だからといって、わたしたちが永久にデスクトップアプリケーションと袂を分かつわけではない。しかし、Microsoftは顧客にアプリケーションをアップグレードさせたいなら、何か大きな、説得力のあることをしなくてはならないだろう。そこでわたしたちはこれまで、Office 12とWindows Vistaとともに、多数の新しいサーバが登場する(一度にではないが)と告げられてきたのだ。
しかし、顧客が「絶対に買わなければならない」と納得しなければ、Microsoftのサーバソフト販売はうまくいかず、混乱を来すだろう。同社のサーバソフトにはExchangeやSQL Serverがある。後は、ほとんどの人にとって、Microsoftが販売しているほかのサーバソフトの名前を挙げるのは難しい。
これはMicrosoftがサーバソフトを、その恩恵を受けるユーザーではなく、IT部門に販売しているからだ。それに同社は、通常はかなりのカスタム作業が必要か、少なくとも正しく動かすためにある程度の管理が必要なサーバソフトを販売している。
わたしは、Office 12サーバが「ビジネスインテリジェンス(BI)」にフォーカスするというMicrosoftの発表に懐疑的だ。上司が好きそうなものだが、熱心すぎる幹部が新発見の「インテリジェンス」を仕事に持ち込んだら、働きバチは嫌になるだろう。
IT部門にのみ目を向けて売り込むよりも、Microsoftはユーザーに売れるサーバソフト、少なくとも説得力あるメリットがあり、ユーザーがIT部門に導入やサポートを求めるようなサーバソフトを開発する必要がある。
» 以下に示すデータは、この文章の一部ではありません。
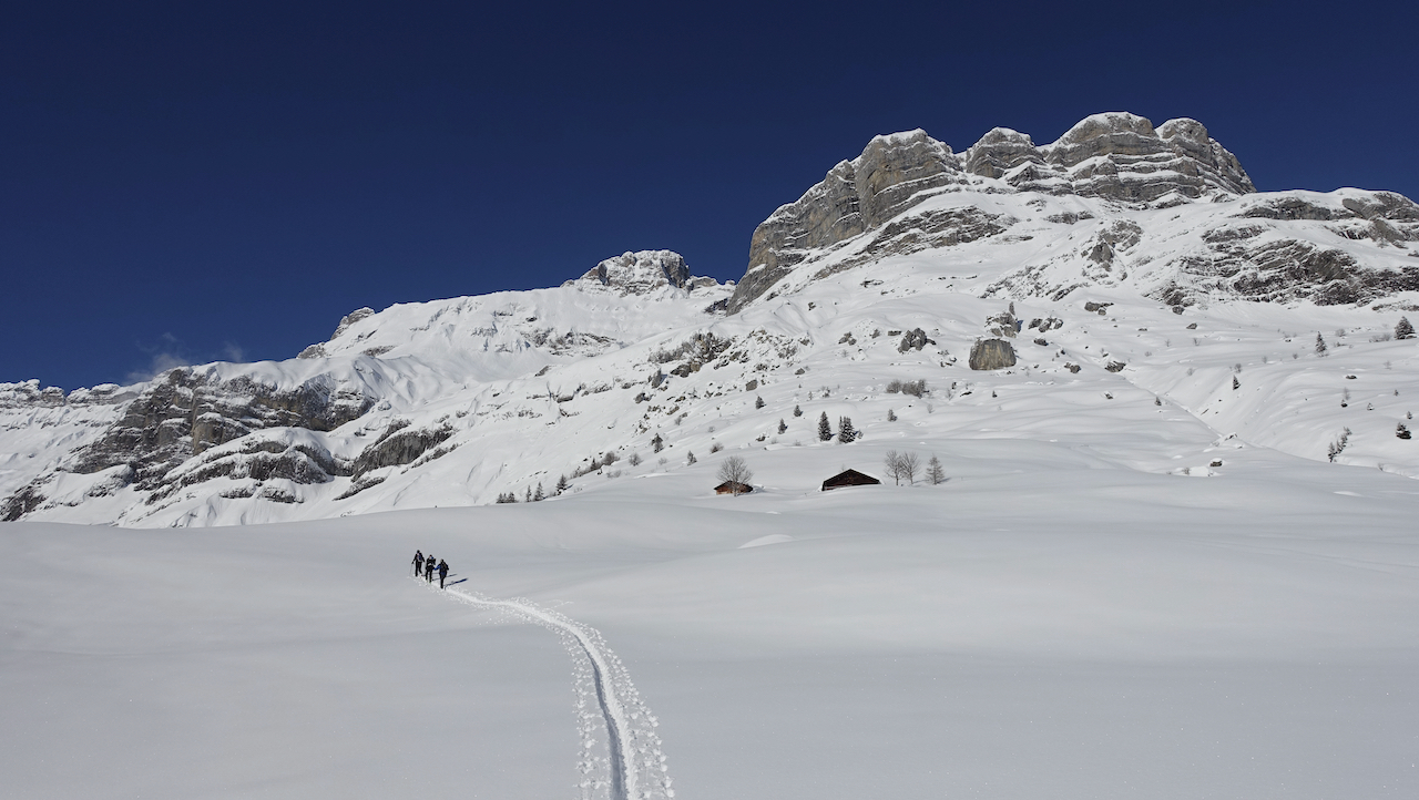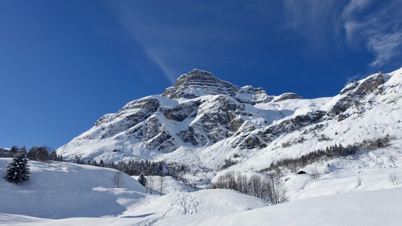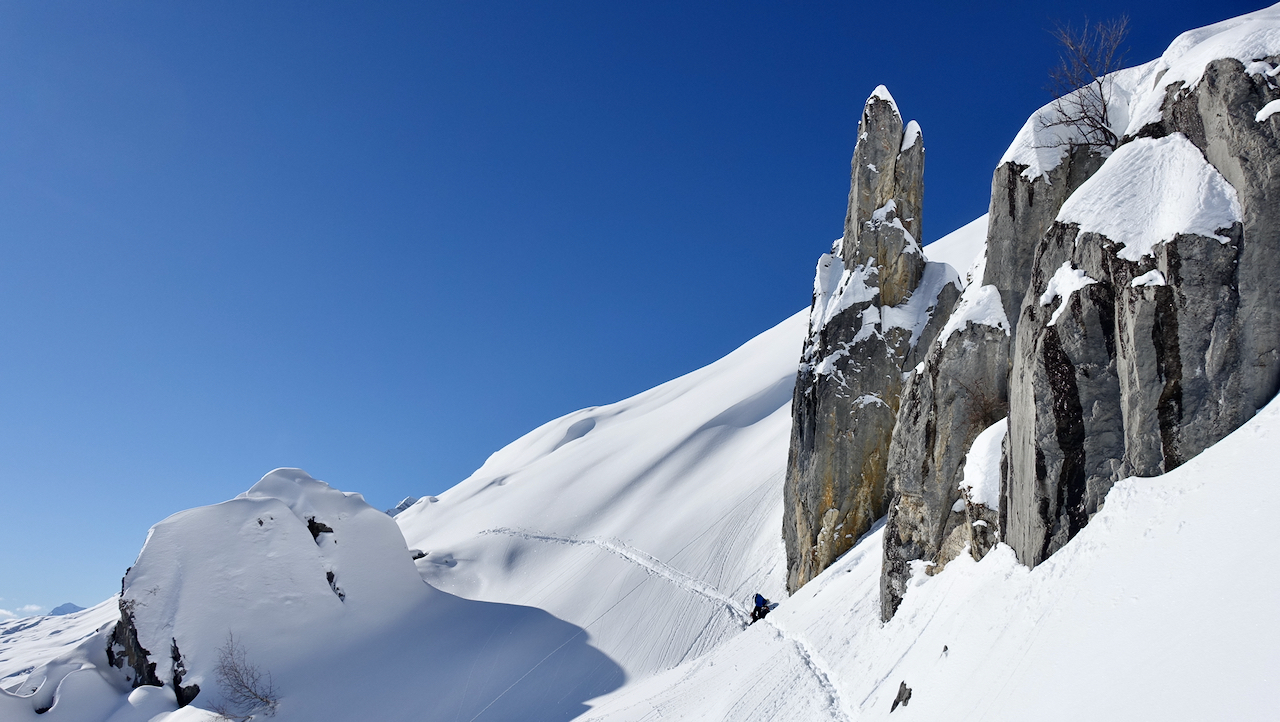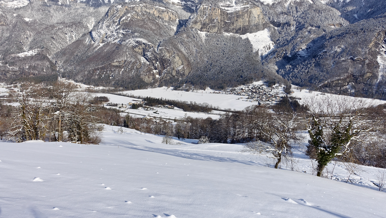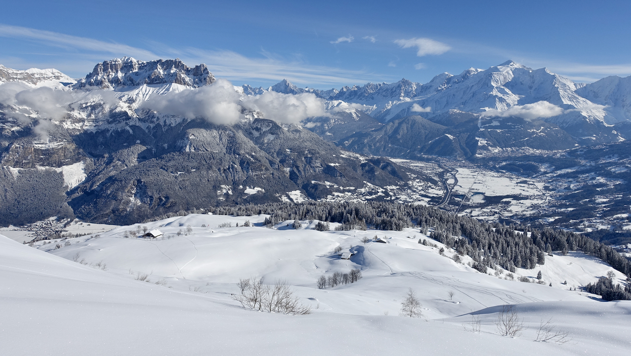 Une belle traversée au pied des Quatre Têtes avec une descente rare jusqu'au Ruthieux à 670 m juste au-dessus de Sallanches.

ワークグループ内の余ったPCで動作し、ユーザーがネットワークに「密かに」入れるエントリーレベルのサーバソフトを売ればなお良い。
確かに、そんなことをすればIT部門が絶対に怒り狂うのは分かっているが、小規模なグループ向けに自分で管理できるサービスを提供する良い方法だと思う。
Microsoftは、これらサーバソフト向けのエンタープライズ管理コンソールを販売し、さらにはIT部門が1台のマシンで複数のワークグループサーバを仮想化できるようにするかもしれない。だがそれは、初期デプロイメント戦略というよりもむしろ移行パスだろう。
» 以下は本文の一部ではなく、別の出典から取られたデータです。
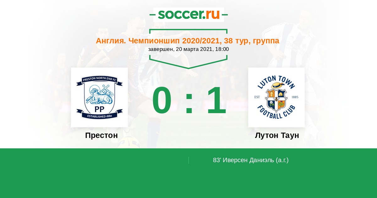 «Престон» играет против «Лутон Таун» в 38-м туре английского Чемпионшипа. Этот поединок запланирован на 20 марта 2021 года.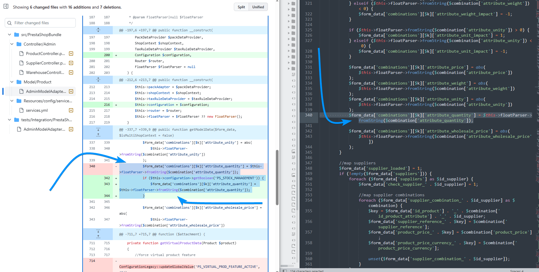 karloskast Posted April 21, 2023 Author Share Posted April 21, 2023 (edited) hace 16 horas, ExpertoPrestaShop dijo: Hay un commit de hace 3 semanas en el archivo que te lanza el error precisamente con el atributo del problema: https://github.com/PrestaShop/PrestaShop/commit/ef02676bc5819bf3704c87c33ab179e8f616c29c#diff-384120a8ec7dc16b6ad27d4125d84ddc4be632dcc3979a1a65ae19db5088a37c No se realmente si este fix está incluido o no en la version que tienes de PS, pero podrias comparar los archivos e intentar aplicarlos los cambios a ver si te soluciona el problema. Suerte Hola ExpertoPestaShop Parece ser que tienes razón, al activar la gestión de Stock el error no se produce, solo se produce cuando la gestión de Stock esta desactivada, la diferencia que veo en el código es la siguiente, voy a añadir esto y termino de confirmar. Gracias por vuestra ayuda Edited April 21, 2023 by karloskast para eliminar una de las imágenes (see edit history) Link to comment Share on other sites More sharing options...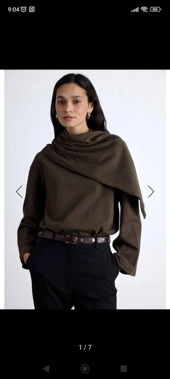 , yüksek yakalı ve uzun kollu, salaş kesim bej bluz. Drapeli tasarımıyla gündelik kullanıma uygundur.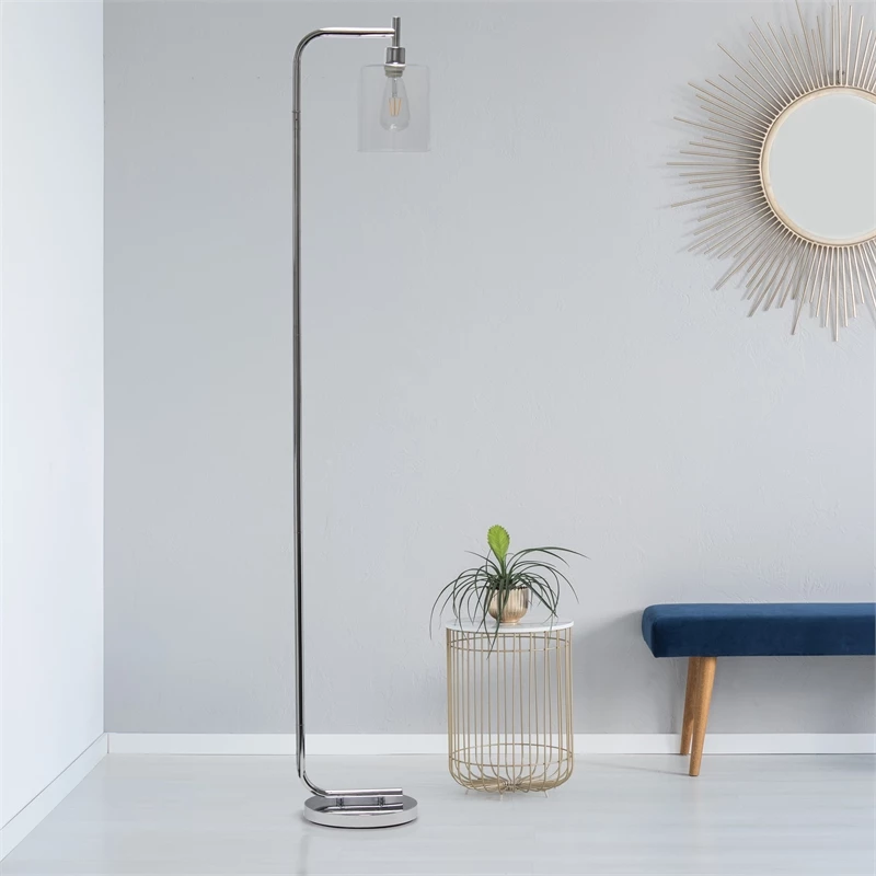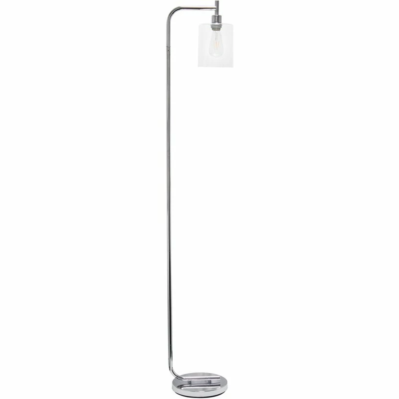 The perfect floor lamp to add a modest, refined look to any room! The iron base and curved arm are accented with a simple glass shade for a sophisticated touch. Perfect for foyers, bedrooms, living rooms or even offices! **HELPFUL TIP: To get the complete industrial look, we recommend using a decorative Edison/Vintage bulb (not included). **

理想的な「人々のためのサーバソフト」は、今便利なだけでなく、古いPCのパワーを使って、顧客が既に持っているハードをより有効に活用できるものだ。MicrosoftのOEMハードメーカーはこれらサービスの実装用に、スタンドアロン型のネットワーク機器などすぐに使える実行可能なハードを販売している。
現時点ではソフトとしてのサービスもチャンスとして浮上しているが、ホスティング型ワークグループサービスにはシートごとに料金がかかり、多くの見込み顧客にとっては非常に高いかもしれない。
Microsoftがこの販路に向けてどんなサーバソフトを開発するのかという案を出すつもりはない。わたしのリストの一番上にはワークグループプロダクティビティが載っているとだけ言っておく。部門レベルで利用され、必要に応じて相互に接続される小さなサーバの集合は、顧客に(Microsoft傘下の)GrooveのP2P技術の購入を説得する素晴らしい方法かもしれない。
ここで重要なのは、Microsoftがアプリケーションを売るのと同じやり方でサーバソフトを売る方法を身につけることだ。現実的な問題を解決する何かをユーザーに与えれば、Office 12は放っておいてもどうにかなる。